Amazon's sheer scale and logistics heft means if market demands picks up it has the ability to rapidly muscle its way into a potentially significant market as interest in private 5G deployments grows.

(The hardware it ships is certified for use only in the US, on the CBRS spectrum -- 150 MHz of 3.5 GHz shared  spectrum, also used by the federal government for radar systems and commercial fixed satellite systems. It's not entirely plug-and-play though. Perhaps unsurprisingly, CBRS spectrum in the US requires certified professional installation; AWS is building up a roster of partners who can help sign off installations.)

“AWS Private 5G automates the setup and deployment of the network. No upfront fees or per-device costs are incurred with AWS Private 5G, and you pay only for the network capacity that you request” the hyperscaler said; although the release is currently limited to US East (Ohio and N. Virginia), and US West (Oregon).

Somewhat contradicting that pricing note in the press release, the separate blog from Jeff Barr said users can also expect to pay $10/hour for each radio unit on top of network capacity fees.

The hyperscaler plans to offer two versions of the managed service: one where the mobile network core is hosted in an AWS Region and one where the mobile core is hosted on premises. The current limited release of the product only supports the former option, AWS noted in its FAQs – i.e. small-cell radio units are installed on your premises but the network control and data plane (core) are hosted in an AWS Region.

“This configuration meets the needs of customers whose applications are hosted in the cloud and want to route device traffic to downstream AWS services running in AWS Regions or to the internet” it said.

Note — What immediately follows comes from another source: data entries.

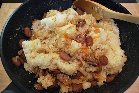 step11.熄火後加入步驟2蒸熟的糯米拌勻,一匙匙逐量淋上滷肉肉汁至喜歡的鹹度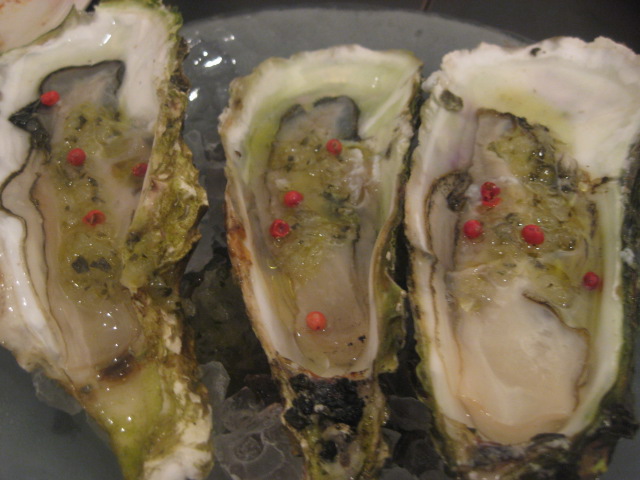 解禁になったばかりの牡蠣は、生とパン粉のグリルで。(1P250円)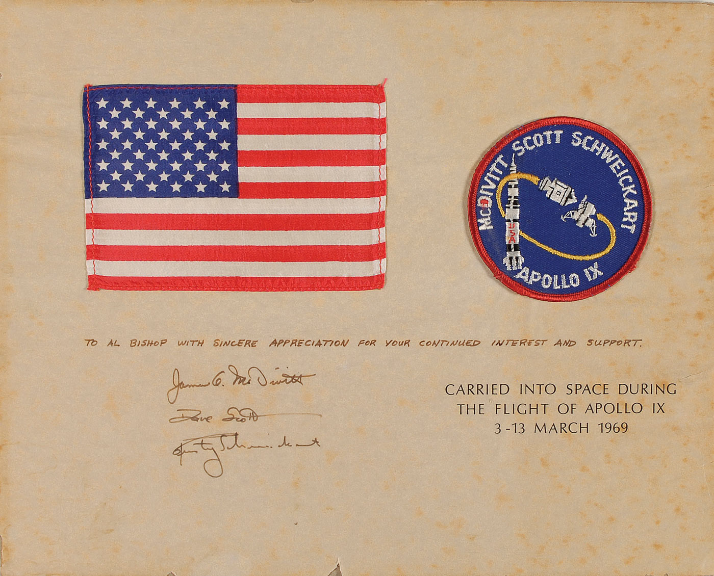 Flight-flown printed American flag, 6 x 4, along with a flight-flown crew emblem patch, 3.5-inch diameter, flown aboard Apollo 9, the third manned Apollo spaceflight during a 10-day voyage in March 1969. Both items are affixed to a 13.5 x 11 certificate stating: “Carried into space during the flight of Apollo IX 3–13 March 1969.” Signed in black felt tip by James A. McDivitt, Rusty Schweickart, and Dave Scott who has added “To Al Bishop with sincere appreciation for your continued interest and support.” Affixed to a same-sized piece of cardstock. In very good condition with mild toning, foxing, wrinkling, and a few edge tears. The patch and flag are largely unaffected. Bishop, the original recipient, was a close friend and confidant to many of the Apollo astronauts and created specially produced cachet envelopes that the crews of Apollo 12 through Apollo 16 carried with them on their lunar voyages. Such a presentation from a crew with attached flight-flown items are uncommon.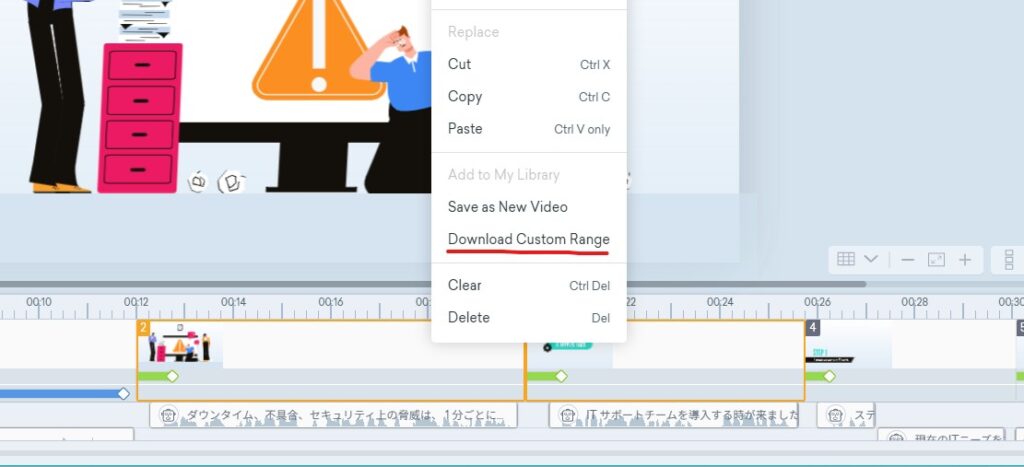 シーンの一部分だけダウンロードしたい時は、シーンを選択し、マウスの右メニューから【Download Custom Range】をクリックして出力したいシーンをダウンロードします。(複数の連続したシーンを選ぶには「shift」キーを押しながらシーンを選択します)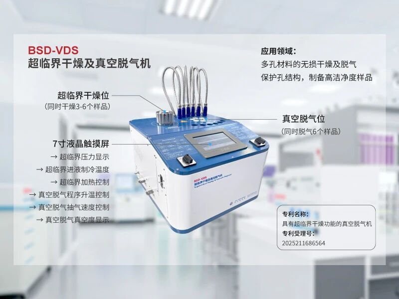 对多孔材料进行干燥,去除孔道内的溶剂、脂类、油类、水分等凝聚态杂质时,使用超临界干燥技术,利用超临界流体的高扩散性、高溶解性、无气液界面等特性,可避免材料孔道受到应力作用而造成孔结构破坏,导致的孔结构收缩、碎裂、孔道坍塌、孔结构变形等问题,能够在最大程度上保持多孔材料的孔结构与晶格结构状态,干燥效率高,干燥后样品纯净度高。(使用设备为:BSD-VDS超临界干燥及真空脱气机)
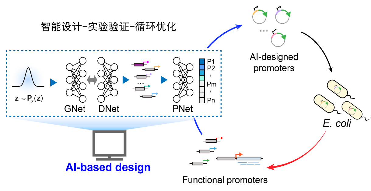 随着人工智能和大数据时代的到来,深度学习技术在复杂对象的特征表征、多模态融合、样本自动生成等问题中表现出独特的优势,为生物分子的设计提供了新的可能。该研究将人工智能技术应用于构建全新的基因调控元件,从自动化设计的角度,利用深度学习技术并融合生物先验知识来建立调控元件的生成模型。通过在计算机中的算法寻优部分替代生物实验上的随机搜索,可以大大提高实验的成功率。课题组在大肠杆菌中成功实现了全新基因启动子的设计与生成。该方法可以产生大量全新的启动子,经过迭代优化后实验验证成功率已超过 70%。这些由人工智能方法设计的全新元件具备了天然元件关键特征的统计特性,并同时具有一些非天然典型的序列模体,在整体序列排布上可以做到与天然启动子很低的相似性,降低了与天然基因组的同源重组风险。同时,优化后的人工元件可以具备比天然序列更高的转录活性。理论上,该方法可以产生数量远远超过天然启动子的全新元件,极大地丰富了可用于工程生物学研究的调控元件库。

More caveats from Jeff Barr: "... the cloud–based deployment option, which is designed for testing and evaluation purposes, for time-limited deployments, and for deployments that do not use the network in latency-sensitive ways. With this option, the AWS Private 5G Mobile Core runs within a specific AWS Region. We are also working to enable on-premises hosting of the Mobile Core on a Private 5G compute appliance."

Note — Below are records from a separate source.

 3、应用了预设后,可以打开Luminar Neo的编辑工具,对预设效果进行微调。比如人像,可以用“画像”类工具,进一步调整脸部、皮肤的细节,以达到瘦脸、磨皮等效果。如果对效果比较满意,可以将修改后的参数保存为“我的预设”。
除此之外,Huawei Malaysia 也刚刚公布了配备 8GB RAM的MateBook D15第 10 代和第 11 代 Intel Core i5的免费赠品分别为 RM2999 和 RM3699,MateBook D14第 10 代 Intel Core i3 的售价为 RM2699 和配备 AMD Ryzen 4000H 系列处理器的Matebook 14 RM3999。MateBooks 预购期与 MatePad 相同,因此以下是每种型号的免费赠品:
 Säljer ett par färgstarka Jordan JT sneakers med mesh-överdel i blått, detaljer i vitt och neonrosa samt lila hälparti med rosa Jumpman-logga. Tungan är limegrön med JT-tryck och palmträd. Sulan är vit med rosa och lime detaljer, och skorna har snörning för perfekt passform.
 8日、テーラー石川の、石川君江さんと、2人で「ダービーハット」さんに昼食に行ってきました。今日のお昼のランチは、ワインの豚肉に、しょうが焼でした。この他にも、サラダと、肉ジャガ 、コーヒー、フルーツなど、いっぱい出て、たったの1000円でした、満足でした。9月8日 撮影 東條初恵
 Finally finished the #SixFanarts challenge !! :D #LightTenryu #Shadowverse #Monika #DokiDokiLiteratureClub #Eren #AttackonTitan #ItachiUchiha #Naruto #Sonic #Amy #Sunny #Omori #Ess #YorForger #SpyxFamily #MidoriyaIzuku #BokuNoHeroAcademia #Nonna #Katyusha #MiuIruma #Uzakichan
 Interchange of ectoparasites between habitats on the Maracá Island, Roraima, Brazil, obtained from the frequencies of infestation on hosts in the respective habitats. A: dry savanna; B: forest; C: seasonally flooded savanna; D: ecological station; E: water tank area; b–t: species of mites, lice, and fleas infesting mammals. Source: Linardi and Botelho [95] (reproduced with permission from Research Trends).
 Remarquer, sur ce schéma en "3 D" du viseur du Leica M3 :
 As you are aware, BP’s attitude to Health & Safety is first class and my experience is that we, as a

AWS Private 5G release comes as deployments surge

The release, in short, is significantly more modest than the product name and press release initially suggest, which AWS customers may feel is something of a shame -- private 5G use cases increasingly proliferate, as widely covered by The Stack (see for example our look at Ford's UK deployment here, which suggests that the ease-of-use of what we'll have to call P5GaaS may be enticing for enterprises:  “The network took longer to install and set up than we, certainly at Ford, anticipated. We’re not the telecoms experts... so that was perhaps surprising in comparison with Wi-Fi that we’re more used to, where you can just stick your router, and away you go" as Ford told us.)

Among other private 5G network deployments we have noted in the UK are the Port of Felixstowe 5G IoT project, which has seen the UK’s largest container port using a private 5G network to control and monitor its cranes – one of a number of pilots backed by UK’s Department for Digital, Culture, Media and Sport (DCMS).

A private 5G network trial in Liverpool meanwhile is focussed on health and social care.

That's using 5G small cells on lamp posts owned by the city council and is using the CCTV fibre network as a backhaul. The vision for that trial includes "virtual wards" where healthcare professionals can monitor patients remotely, and the ability for paramedics to stream ultrasound images from an ambulance to a hospital.